Aside from the pictures, copy the listing exactly.

* DATA SHOWN
----------
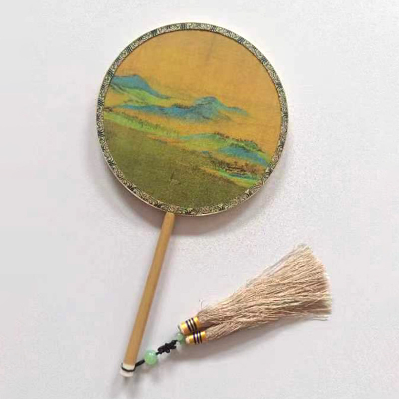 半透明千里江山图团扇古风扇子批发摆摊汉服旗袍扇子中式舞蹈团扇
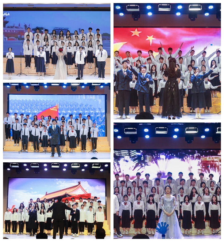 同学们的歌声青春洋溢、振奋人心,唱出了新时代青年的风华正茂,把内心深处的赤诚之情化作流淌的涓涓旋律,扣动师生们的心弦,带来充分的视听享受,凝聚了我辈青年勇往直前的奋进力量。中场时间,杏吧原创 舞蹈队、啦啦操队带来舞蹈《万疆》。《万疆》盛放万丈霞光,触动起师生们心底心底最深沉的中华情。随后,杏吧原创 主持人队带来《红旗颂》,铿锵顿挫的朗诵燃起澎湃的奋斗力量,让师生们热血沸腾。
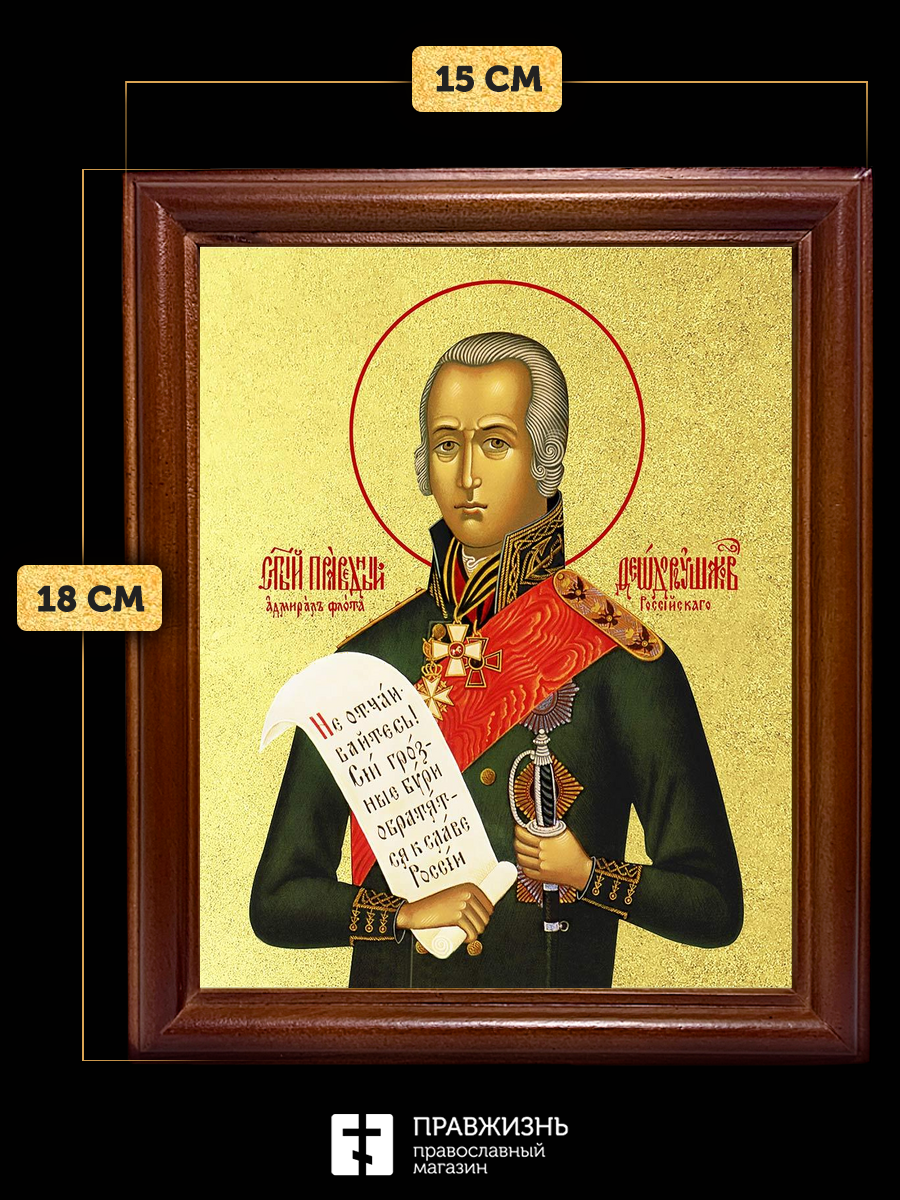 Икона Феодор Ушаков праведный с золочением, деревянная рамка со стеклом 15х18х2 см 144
----------
* ANSWER SECTION
 半透明千里江山图团扇古风扇子批发摆摊汉服旗袍扇子中式舞蹈团扇
 同学们的歌声青春洋溢、振奋人心,唱出了新时代青年的风华正茂,把内心深处的赤诚之情化作流淌的涓涓旋律,扣动师生们的心弦,带来充分的视听享受,凝聚了我辈青年勇往直前的奋进力量。中场时间,杏吧原创 舞蹈队、啦啦操队带来舞蹈《万疆》。《万疆》盛放万丈霞光,触动起师生们心底心底最深沉的中华情。随后,杏吧原创 主持人队带来《红旗颂》,铿锵顿挫的朗诵燃起澎湃的奋斗力量,让师生们热血沸腾。
 Икона Феодор Ушаков праведный с золочением, деревянная рамка со стеклом 15х18х2 см 144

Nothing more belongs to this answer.